Source: The Daily Press, Hampton, VA

For more than 50 years, NASA Wallops has been internationally recognized as having the world’s premier suborbital research launch site and the world’s foremost suborbital research launch team. Today Wallops Island is in transition from what was, and still is, a significant NASA sounding rocket program to a full-fledged international commercial spaceport. This time next year, commercial space launch contractor Orbital Sciences Corp. will lead an international team consisting of Americans, Russians, Ukrainians, Italians, Canadians, Spaniards, French, Dutch, Germans and Japanese in building a booster rocket and payload capsule that will fly from the Mid-Atlantic Regional Spaceport at Wallops Island to the International Space Station to leave supplies and cargo, and to depart with whatever needs disposal by its international tenants on-orbit.

The launch of the Taurus-2 booster with the Cygnus spacecraft will mark significant change for Wallops from the dark October days of 15 years ago when the first commercial rocket, the Conestoga, departed the space island launch complex only to explode 46 seconds into the first flight. The Taurus-2 must be on the money if space commerce is to take root permanently in Virginia. New billions of dollars of space cargo delivery contracts may be in the offing if the international launch team of Taurus scores well with international space cargo delivery.
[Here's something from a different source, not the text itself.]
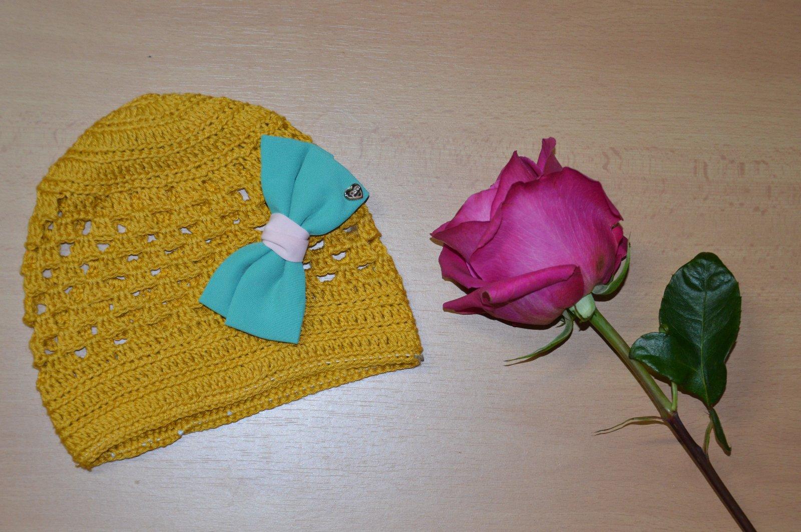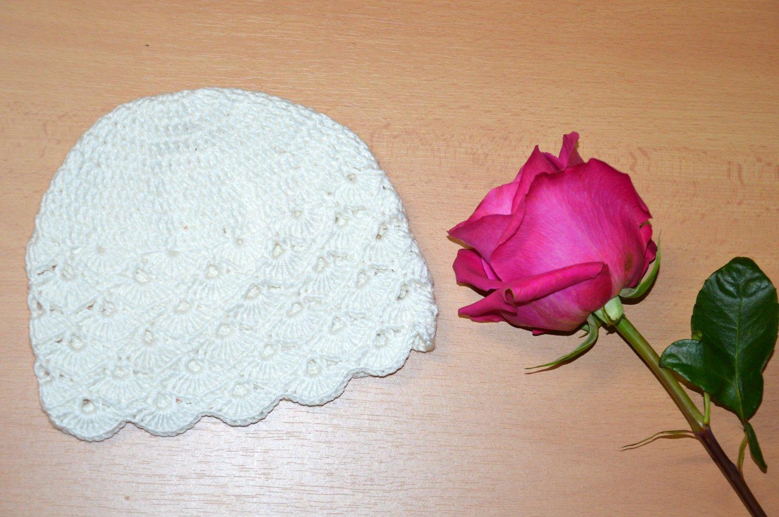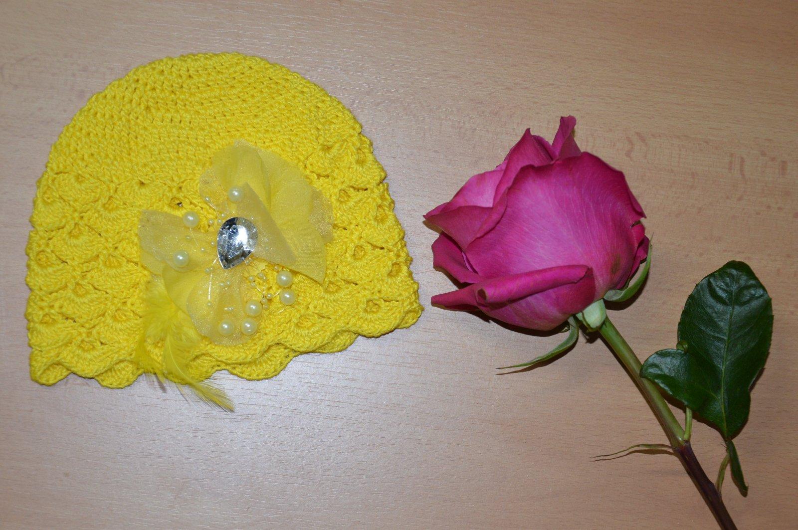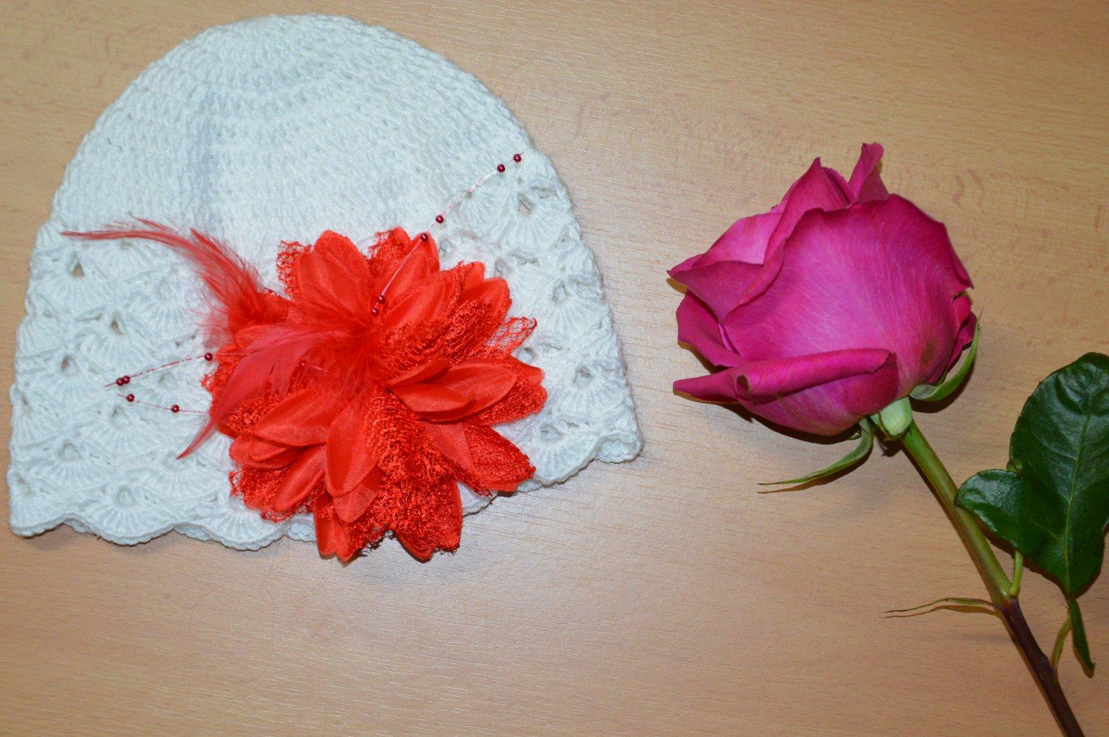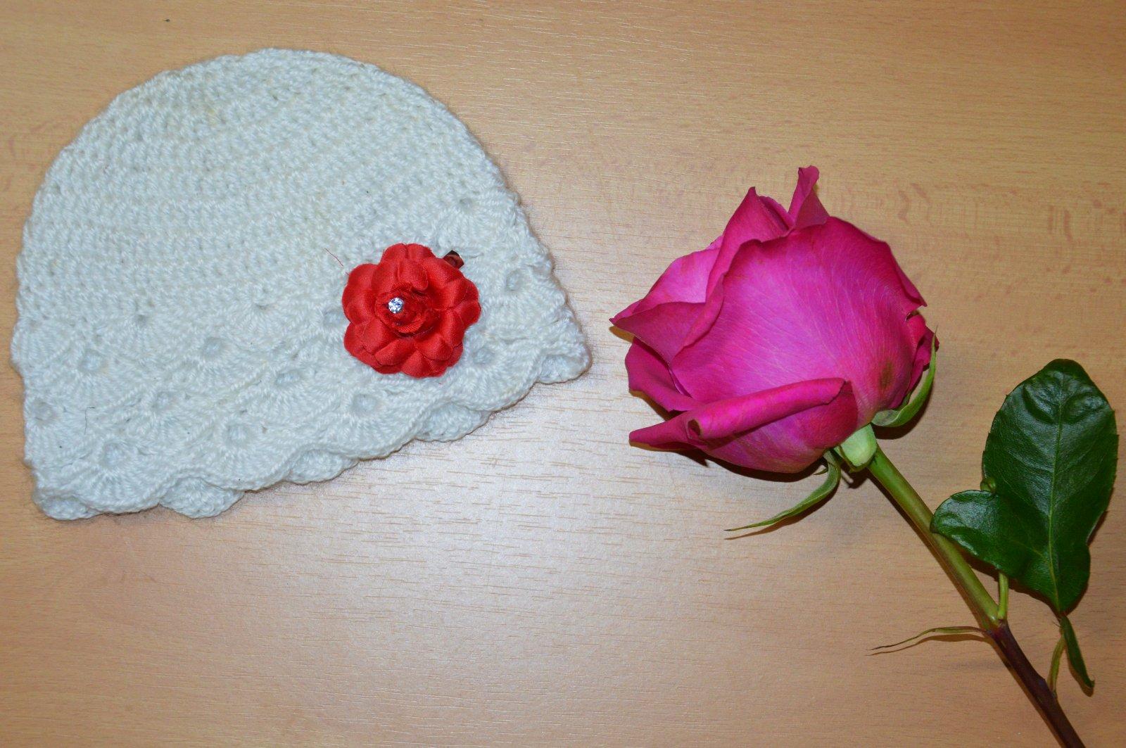 SkladomRučne háčkovaná čiapočka s veľmi pekným vzorom a kvetom.

There is growing confidence that the launch team will meet the critical milestones to do just that.

Wallops Island — the new space island — is the place to speculate about the budding dawn of a commercial space future, such as the one proposed by Bigelow Aerospace’s attorney Mike Gold on a recent visit to Wallops (“Bigelow Aerospace eyes Wallops Island,” April 10).

Robert Bigelow, the owner of a commercial space applications enterprise and a real estate mogul, seeks to build privately owned inflatable space stations and provide people from around the globe to conduct microgravity research. Bigelow already has two unmanned stations orbiting the Earth daily, now launched from the Dombarovkiy missile base, near Yasniy, Russia. He has publicly pledged $500 million of his personal wealth to develop the on-orbit business model and potential partnering with United Launch Alliance, the makers of the well-proven Lockheed Martin Atlas-V booster.